11月26日より、中国の動画配信サイト「騰訊」と「愛奇藝」にて配信開始された架空歴史ドラマ『慶余年/Joy of life』。現在Youtubeの「优优独播剧场」チャンネルでも配信されている。本作は謎めいた身分を持つ青年の范閑がとある真相を探るべく宮廷へと足を踏み入れ、そこで遭遇した数々の事件を経験し、やがて名を馳せ、成長してゆく姿を描いた時代劇だ。
さて、配信された第一話を早速観賞したので感想を述べたいと思うが、以前公開された厳かな雰囲気を醸し出すシリアステイストな予告編とは裏腹に、初っ端からコミカルでユーモアな演出に抱腹絶倒した。『慶餘年』はこんなも気楽で観れる作品だとは思わなかった。もっとこう殺伐した雰囲気の中で、主人公が復讐に向けて知略を巡らすサスペンス性が強い作品だと思っていたが、まさかのコメディw
本作の脚本を手掛けたのは、中国の著名脚本家の王倦だ。代表作である『木府風雲』『舞楽伝奇』『大宋少年志』はどれも評価が高い作品。『慶余年』の原作物語は壮大かつ複雑で、それを映像化する事は困難だと言われたが、王倦ならやり遂げてくれるという安心感はある。

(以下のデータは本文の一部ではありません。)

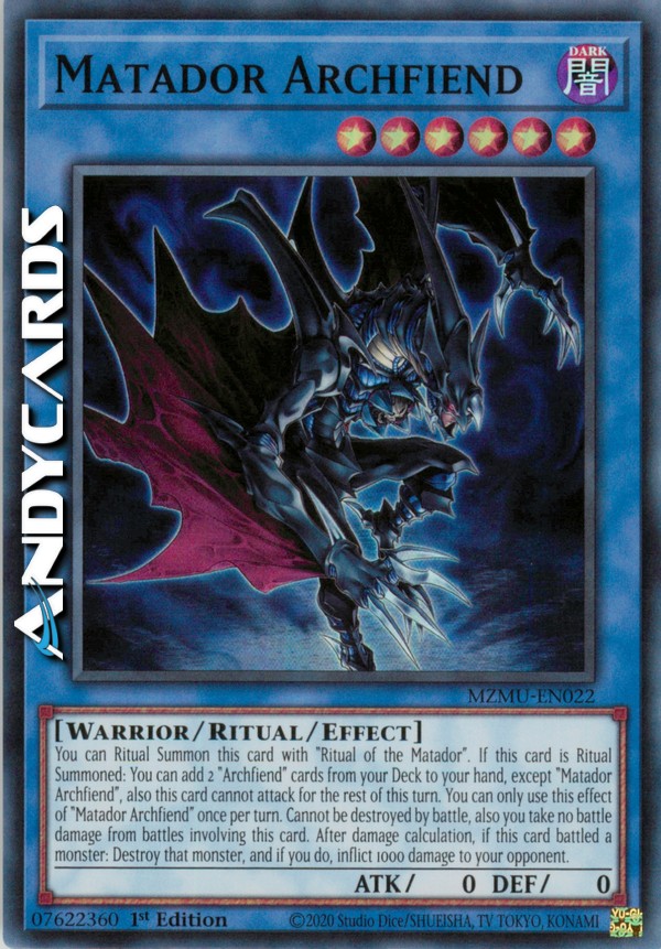 You can Ritual Summon this card with "Ritual of the Matador". If this card is Ritual Summoned: You can add 2 "Archfiend" cards from your Deck to your hand, except "Matador Archfiend", also this card cannot attack for the rest of this turn. You can only use this effect of "Matador Archfiend" once per turn. Cannot be destroyed by battle, also you take no battle damage from battles involving this card. After damage calculation, if this card battled a monster: Destroy that monster, and if you do, inflict 1000 damage to your opponent.

第一話から重苦しい雰囲気だと、視聴者も敬遠しがちだが、あえて序盤はユーモアな演出を施し、徐々に物語の世界観を慣れさせてからグイグイと引き込んでいった方が、視聴者も受け入れやすいという考えなのかもしれない。すごく賢明だと思う。
ただまだ第一話しか観ていないので、今後の展開もその面白さが続くのかどうかは分からないが、ひとまずつかみはOK!といったところかな。序盤はコミカルな展開が続きそうだが、物語が進むにつれて、予告編で観たような権謀術数な戦いやシリアスストーリーも登場してくるだろう。結構楽しみだ。

さて、ここからは本作の大事な要素でもある「タイムスリップ」について説明したい。「歴史ドラマにタイムスリップ要素は禁止」というレッドラインを、ドラマ化した『慶余年』どのようにしてクリアしたのか。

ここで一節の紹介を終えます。